▶ [Source data]
*** Begin section ***
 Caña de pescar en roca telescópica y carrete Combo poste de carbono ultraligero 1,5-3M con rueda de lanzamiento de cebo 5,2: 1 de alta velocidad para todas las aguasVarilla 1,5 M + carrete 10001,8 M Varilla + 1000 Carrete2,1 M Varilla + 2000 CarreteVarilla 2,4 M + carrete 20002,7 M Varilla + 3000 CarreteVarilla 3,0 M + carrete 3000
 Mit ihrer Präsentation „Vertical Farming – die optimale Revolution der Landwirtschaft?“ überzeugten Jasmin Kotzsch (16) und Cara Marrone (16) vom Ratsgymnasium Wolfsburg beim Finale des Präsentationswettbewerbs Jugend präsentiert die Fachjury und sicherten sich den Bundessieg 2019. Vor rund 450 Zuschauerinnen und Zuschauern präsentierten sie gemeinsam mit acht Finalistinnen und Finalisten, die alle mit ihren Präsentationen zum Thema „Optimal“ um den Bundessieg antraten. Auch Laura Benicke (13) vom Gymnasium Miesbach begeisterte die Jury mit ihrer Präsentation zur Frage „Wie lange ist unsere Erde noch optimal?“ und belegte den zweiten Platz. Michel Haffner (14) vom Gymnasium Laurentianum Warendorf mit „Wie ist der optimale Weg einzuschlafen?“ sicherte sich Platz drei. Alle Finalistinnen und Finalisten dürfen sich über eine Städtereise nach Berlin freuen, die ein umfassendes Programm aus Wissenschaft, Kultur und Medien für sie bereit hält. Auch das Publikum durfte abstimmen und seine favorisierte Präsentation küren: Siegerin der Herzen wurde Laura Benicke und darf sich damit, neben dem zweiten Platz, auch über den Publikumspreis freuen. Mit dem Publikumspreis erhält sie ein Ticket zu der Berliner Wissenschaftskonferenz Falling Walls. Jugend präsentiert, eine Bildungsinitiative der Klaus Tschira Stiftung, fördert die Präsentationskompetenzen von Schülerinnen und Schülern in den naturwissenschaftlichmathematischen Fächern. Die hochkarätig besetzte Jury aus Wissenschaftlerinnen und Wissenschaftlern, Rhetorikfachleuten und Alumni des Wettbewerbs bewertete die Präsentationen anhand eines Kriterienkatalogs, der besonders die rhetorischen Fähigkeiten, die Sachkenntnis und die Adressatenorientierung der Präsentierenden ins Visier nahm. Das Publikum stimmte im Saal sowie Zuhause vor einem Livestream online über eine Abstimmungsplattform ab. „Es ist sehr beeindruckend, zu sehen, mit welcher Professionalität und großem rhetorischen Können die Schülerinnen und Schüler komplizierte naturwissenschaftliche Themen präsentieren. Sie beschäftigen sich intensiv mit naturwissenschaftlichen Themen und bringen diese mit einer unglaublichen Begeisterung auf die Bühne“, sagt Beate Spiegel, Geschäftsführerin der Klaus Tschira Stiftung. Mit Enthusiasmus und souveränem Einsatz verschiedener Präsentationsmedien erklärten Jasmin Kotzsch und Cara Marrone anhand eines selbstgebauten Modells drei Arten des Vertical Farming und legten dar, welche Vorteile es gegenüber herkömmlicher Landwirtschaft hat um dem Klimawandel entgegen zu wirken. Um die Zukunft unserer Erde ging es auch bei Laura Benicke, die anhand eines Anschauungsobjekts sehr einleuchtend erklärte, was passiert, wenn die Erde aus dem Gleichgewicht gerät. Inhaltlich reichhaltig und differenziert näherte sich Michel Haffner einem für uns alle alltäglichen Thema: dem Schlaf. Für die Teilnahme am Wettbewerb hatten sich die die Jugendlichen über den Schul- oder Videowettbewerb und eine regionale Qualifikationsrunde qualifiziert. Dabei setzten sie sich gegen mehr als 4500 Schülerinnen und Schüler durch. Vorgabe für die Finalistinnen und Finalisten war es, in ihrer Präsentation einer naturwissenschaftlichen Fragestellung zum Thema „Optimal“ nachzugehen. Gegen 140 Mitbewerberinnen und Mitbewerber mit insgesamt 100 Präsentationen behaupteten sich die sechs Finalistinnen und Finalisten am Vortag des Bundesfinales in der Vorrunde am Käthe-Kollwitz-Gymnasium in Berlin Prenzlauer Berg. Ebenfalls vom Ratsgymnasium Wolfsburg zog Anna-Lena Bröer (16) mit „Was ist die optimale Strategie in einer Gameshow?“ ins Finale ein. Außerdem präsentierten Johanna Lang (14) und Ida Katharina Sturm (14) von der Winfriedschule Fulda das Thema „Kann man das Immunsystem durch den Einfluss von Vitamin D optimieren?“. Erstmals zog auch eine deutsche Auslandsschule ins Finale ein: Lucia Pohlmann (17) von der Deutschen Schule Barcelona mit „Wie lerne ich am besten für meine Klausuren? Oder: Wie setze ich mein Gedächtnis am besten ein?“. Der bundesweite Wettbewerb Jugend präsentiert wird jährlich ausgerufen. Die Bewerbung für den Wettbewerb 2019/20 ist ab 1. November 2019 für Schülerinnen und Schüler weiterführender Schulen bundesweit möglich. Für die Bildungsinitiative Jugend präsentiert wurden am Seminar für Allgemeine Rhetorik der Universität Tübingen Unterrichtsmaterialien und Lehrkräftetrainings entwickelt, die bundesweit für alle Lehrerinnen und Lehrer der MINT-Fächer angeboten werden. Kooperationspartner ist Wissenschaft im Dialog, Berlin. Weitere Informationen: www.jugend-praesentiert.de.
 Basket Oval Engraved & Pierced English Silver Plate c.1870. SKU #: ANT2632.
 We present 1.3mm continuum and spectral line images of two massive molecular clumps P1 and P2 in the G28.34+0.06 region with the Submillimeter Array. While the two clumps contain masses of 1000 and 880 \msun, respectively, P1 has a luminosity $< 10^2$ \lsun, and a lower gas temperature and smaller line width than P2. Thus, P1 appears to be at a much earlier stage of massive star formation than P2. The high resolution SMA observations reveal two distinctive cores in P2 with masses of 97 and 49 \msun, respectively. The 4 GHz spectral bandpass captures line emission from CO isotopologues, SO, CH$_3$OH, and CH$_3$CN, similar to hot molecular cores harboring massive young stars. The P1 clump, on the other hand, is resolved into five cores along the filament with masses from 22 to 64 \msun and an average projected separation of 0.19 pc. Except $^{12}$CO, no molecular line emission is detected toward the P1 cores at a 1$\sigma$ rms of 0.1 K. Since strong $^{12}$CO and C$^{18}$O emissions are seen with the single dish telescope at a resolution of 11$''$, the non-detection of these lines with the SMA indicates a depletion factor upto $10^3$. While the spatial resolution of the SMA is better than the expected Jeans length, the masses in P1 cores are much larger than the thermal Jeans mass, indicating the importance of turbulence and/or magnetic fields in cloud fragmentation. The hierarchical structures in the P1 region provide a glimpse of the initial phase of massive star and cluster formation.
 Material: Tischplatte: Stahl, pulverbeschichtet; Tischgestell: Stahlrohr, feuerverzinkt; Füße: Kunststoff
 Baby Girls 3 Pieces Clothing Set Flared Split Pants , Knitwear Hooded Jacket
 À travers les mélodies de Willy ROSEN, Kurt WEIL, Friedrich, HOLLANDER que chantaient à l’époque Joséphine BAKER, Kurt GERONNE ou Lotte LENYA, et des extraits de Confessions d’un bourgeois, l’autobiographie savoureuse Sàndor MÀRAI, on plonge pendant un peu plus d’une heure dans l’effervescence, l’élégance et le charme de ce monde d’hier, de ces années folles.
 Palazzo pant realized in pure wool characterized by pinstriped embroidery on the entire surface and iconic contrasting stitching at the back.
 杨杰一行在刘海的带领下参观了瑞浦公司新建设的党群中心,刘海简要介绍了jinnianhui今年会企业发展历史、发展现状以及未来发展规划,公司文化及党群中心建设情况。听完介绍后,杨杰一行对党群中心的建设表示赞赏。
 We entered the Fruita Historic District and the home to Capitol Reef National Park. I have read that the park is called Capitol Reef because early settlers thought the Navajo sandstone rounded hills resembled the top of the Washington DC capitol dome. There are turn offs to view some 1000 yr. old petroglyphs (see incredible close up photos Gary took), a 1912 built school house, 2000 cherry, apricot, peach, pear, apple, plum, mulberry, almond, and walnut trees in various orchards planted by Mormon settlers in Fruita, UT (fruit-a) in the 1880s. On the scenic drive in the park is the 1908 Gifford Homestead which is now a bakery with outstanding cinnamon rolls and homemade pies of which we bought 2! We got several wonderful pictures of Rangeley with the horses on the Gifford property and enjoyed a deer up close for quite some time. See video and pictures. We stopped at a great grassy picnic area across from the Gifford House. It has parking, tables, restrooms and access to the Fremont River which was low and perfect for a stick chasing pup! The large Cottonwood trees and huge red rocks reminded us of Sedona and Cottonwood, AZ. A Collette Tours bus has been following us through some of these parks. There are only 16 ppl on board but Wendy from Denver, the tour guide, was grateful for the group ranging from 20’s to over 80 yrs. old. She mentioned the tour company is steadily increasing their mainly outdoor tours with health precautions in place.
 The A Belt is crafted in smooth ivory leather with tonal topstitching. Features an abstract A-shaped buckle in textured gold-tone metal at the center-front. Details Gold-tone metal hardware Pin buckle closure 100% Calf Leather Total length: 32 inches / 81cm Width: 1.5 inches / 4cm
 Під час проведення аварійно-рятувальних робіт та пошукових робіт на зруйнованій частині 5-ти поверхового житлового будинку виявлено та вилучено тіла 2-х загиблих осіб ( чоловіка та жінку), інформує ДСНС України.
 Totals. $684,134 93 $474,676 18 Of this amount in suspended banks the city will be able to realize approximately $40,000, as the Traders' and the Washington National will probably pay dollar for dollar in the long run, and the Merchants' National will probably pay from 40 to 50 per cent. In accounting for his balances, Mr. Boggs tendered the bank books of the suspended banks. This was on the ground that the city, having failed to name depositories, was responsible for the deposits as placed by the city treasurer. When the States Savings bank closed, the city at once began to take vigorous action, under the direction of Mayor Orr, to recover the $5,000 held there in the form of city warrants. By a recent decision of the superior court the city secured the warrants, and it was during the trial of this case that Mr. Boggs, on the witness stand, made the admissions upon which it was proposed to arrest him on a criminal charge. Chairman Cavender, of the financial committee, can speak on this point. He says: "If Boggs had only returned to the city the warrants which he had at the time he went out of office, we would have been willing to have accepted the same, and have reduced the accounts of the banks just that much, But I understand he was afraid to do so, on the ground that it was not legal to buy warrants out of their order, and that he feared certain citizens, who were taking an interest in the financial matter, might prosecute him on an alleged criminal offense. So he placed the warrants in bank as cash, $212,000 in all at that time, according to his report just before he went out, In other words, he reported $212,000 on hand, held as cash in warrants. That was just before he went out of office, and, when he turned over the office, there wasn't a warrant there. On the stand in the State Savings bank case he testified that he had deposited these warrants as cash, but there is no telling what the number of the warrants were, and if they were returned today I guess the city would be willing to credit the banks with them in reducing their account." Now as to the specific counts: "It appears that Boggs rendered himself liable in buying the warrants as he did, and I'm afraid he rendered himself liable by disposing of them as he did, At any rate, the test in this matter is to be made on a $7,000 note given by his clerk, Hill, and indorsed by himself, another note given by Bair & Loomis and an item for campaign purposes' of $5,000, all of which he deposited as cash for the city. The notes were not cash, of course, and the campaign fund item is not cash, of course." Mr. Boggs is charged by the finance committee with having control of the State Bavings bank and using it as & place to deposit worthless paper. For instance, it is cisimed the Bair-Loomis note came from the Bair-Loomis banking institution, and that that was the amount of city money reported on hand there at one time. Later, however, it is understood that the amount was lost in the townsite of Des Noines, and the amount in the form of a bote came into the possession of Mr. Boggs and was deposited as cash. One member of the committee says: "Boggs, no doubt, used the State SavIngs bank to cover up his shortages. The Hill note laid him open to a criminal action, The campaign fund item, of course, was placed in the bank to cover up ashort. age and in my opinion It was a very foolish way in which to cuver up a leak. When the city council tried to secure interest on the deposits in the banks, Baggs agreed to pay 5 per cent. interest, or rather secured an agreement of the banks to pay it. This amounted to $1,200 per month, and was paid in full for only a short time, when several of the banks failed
*** End section ***
▶ [WORK TASK] Write out exactly the lines above from the line with "Material: Tischplatte: Stahl, pulverbeschichtet;" through the line with "杨杰一行在刘海的带领下参观了", both of them included, and leave out all other lines.

▶ [REPLY]
 Material: Tischplatte: Stahl, pulverbeschichtet; Tischgestell: Stahlrohr, feuerverzinkt; Füße: Kunststoff
 Baby Girls 3 Pieces Clothing Set Flared Split Pants , Knitwear Hooded Jacket
 À travers les mélodies de Willy ROSEN, Kurt WEIL, Friedrich, HOLLANDER que chantaient à l’époque Joséphine BAKER, Kurt GERONNE ou Lotte LENYA, et des extraits de Confessions d’un bourgeois, l’autobiographie savoureuse Sàndor MÀRAI, on plonge pendant un peu plus d’une heure dans l’effervescence, l’élégance et le charme de ce monde d’hier, de ces années folles.
 Palazzo pant realized in pure wool characterized by pinstriped embroidery on the entire surface and iconic contrasting stitching at the back.
 杨杰一行在刘海的带领下参观了瑞浦公司新建设的党群中心,刘海简要介绍了jinnianhui今年会企业发展历史、发展现状以及未来发展规划,公司文化及党群中心建设情况。听完介绍后,杨杰一行对党群中心的建设表示赞赏。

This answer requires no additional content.